Your assignment – Would you retype exactly the lines below, starting with the one that has "Na istočnom pročelju" and going on through the one that has "Selling a side", with no pictures and nothing else?

Available data –

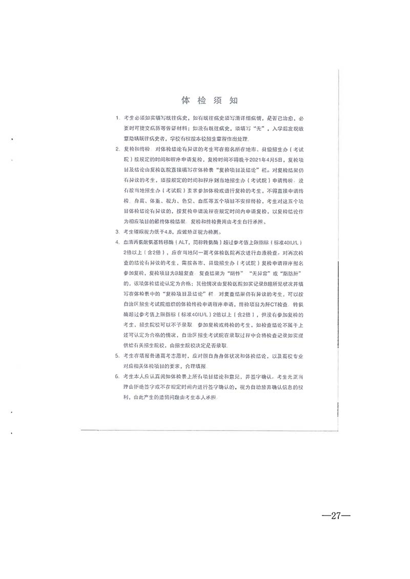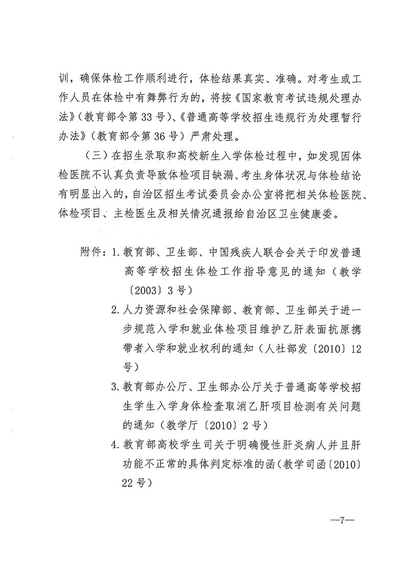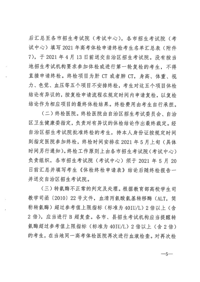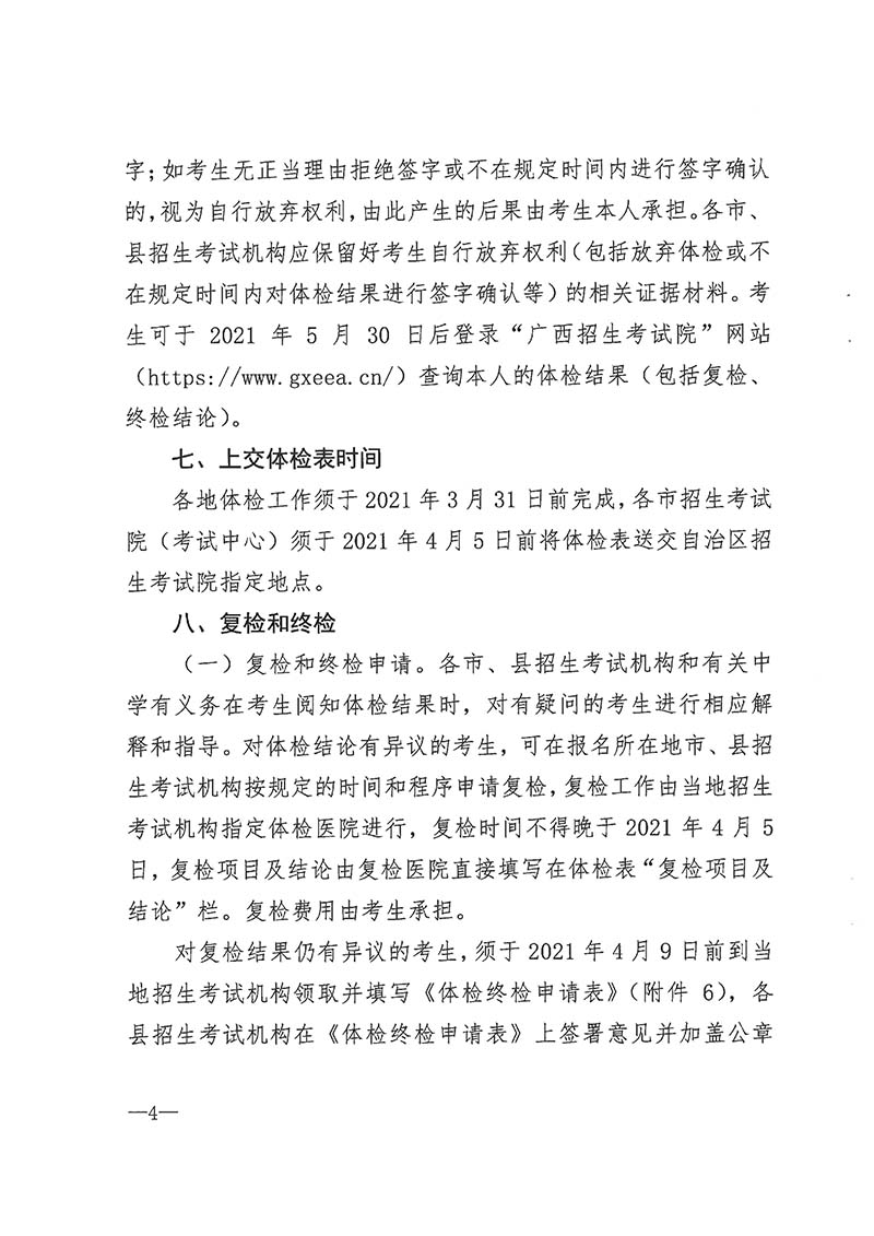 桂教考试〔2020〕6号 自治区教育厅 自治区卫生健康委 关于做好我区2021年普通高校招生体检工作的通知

==

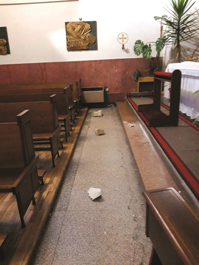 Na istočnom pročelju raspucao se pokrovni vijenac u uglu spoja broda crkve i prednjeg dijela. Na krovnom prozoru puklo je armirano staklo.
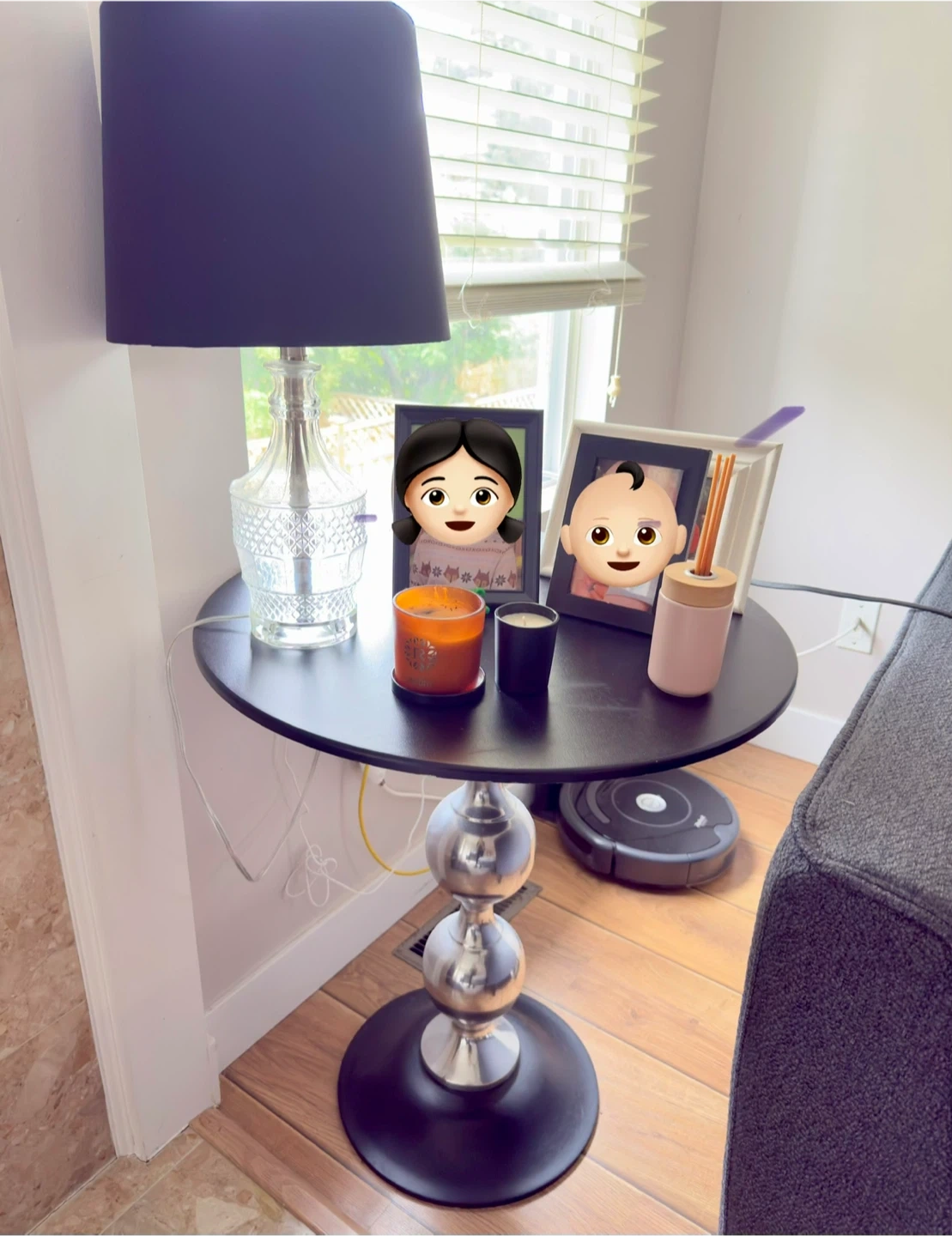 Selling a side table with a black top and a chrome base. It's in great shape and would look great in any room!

Task result –
 Na istočnom pročelju raspucao se pokrovni vijenac u uglu spoja broda crkve i prednjeg dijela. Na krovnom prozoru puklo je armirano staklo.
 Selling a side table with a black top and a chrome base. It's in great shape and would look great in any room!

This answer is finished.